The health benefits of avocados
Published October 06, 2017
Food trends come and go. But one such trend that has seemingly enjoyed more staying power than other flavors of the month is avocado toast, a popular dish that might trace some of that admiration to how easy it is to prepare.
The popularity of avocado toast has exploded in recent years, but it has actually been around for decades. Many trace the origins of avocado toast to Australia, though it's hard for food historians to say with utmost certainty where the dish was first served.
Avocado toast might be as healthy as it is popular. Avocados boast a host of health benefits, some of which might surprise even the most ardent devotee of avocado toast.

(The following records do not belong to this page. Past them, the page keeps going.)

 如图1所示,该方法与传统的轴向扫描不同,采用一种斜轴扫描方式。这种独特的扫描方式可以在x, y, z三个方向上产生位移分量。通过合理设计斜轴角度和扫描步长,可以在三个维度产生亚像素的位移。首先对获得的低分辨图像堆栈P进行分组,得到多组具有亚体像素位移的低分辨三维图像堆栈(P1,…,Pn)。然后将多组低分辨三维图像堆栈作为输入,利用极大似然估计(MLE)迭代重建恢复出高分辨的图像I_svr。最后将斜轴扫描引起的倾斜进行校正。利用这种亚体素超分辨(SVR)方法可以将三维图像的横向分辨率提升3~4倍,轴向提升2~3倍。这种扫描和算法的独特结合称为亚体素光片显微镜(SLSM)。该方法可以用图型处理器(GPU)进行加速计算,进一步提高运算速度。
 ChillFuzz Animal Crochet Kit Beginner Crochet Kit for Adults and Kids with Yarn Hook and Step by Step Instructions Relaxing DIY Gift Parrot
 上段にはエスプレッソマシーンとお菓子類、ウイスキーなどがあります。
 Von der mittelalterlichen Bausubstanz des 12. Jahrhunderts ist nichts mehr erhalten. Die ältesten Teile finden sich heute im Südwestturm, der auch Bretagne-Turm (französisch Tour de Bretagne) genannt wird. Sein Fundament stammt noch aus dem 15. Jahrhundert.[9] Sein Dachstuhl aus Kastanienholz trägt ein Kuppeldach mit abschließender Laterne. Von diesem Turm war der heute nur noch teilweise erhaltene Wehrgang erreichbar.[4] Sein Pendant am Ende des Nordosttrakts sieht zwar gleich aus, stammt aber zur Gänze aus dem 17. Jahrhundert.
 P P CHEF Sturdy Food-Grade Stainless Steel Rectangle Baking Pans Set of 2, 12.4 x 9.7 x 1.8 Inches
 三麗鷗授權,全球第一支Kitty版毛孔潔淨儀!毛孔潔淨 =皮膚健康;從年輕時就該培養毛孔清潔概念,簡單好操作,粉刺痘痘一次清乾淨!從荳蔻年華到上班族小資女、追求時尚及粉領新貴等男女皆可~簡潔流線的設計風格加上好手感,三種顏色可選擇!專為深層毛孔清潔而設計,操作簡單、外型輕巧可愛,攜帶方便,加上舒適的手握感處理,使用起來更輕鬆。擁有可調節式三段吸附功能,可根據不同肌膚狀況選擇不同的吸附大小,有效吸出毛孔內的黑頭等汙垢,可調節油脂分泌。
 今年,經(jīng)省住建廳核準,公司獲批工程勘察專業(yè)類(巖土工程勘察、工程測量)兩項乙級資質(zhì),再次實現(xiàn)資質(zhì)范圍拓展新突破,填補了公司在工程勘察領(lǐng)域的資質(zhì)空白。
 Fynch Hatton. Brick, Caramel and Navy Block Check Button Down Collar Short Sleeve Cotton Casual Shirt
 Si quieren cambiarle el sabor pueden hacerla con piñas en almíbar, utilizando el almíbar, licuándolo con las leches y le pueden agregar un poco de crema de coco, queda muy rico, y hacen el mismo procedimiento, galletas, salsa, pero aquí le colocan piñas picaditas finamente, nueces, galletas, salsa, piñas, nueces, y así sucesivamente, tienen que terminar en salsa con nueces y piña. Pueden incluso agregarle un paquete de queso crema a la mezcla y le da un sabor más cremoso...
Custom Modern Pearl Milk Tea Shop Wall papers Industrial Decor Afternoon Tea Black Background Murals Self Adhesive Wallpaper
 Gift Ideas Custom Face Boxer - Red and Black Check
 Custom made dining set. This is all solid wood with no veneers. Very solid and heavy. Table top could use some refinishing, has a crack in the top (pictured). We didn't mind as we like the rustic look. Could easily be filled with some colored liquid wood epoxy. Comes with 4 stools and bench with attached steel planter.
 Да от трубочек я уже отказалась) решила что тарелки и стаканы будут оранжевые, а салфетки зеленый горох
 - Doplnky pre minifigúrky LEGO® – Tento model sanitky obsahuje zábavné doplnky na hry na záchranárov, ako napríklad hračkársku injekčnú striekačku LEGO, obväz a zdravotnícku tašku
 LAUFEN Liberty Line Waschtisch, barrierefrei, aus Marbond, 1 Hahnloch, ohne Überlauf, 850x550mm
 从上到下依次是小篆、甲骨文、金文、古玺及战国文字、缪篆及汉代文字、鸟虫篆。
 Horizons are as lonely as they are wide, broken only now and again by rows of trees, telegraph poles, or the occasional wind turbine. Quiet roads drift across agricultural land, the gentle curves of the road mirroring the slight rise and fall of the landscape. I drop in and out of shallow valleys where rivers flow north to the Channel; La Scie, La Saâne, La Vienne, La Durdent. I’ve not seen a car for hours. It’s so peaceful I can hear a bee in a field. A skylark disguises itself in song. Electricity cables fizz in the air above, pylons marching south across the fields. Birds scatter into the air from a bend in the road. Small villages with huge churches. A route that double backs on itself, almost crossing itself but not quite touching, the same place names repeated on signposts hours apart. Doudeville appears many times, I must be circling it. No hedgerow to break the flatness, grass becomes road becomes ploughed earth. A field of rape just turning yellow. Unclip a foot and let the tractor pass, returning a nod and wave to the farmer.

Avocados are loaded with vitamins. According to the U.S. Department of Agriculture's National Nutrient Database, avocados are a great source of numerous vitamins, including C, E, K, and B-6. Avocados also contain beta-carotene, which the human body converts into vitamin A that promotes healthy skin and a strong immune system.
Avocados can benefit vision. Avocados contain lutein and zeaxanthin, a pair phytochemicals concentrated in the tissues in the eyes. Lutein and zeaxanthin are believed to block blue light from reaching structures in the retina, thereby reducing a personÕs risk of developing macular degeneration. In fact, studies published in the American Journal of Epidemiology, the American Journal of Ophthalmology and The Archives of Ophthalmology found that diets high in lutein and zeaxanthin are associated with a lower risk of macular degeneration, which the American Macular Degeneration Foundation notes is the leading cause of vision loss in the United States.
Avocados can promote healthier bones. Because they're high in vitamin K, a nutrient that is crucial for bone health, avocados may help reduce a person's risk of developing osteoporosis, a condition characterized by bones becoming fragile and brittle due to loss of tissue. Vitamin K may help improve the intestinal absorption of calcium. That's a significant benefit, as calcium deficiency has long been associated with a greater risk for osteoporosis.
Avocados may help fight depression. Avocados are loaded with omega-3 fatty acids, which benefit the body in myriad ways. One of those ways is by helping to reduce the symptoms of depression. Polyunsaturated fats such as omega-3 fatty acids are thought to antagonize inflammatory cytokines that can contribute to feelings of depression.
Trendy foods come and go, oftentimes falling off the radar when their health benefits are overstated or proven dubious. However, the documented benefits of avocados may ensure the staying power of avocado toast.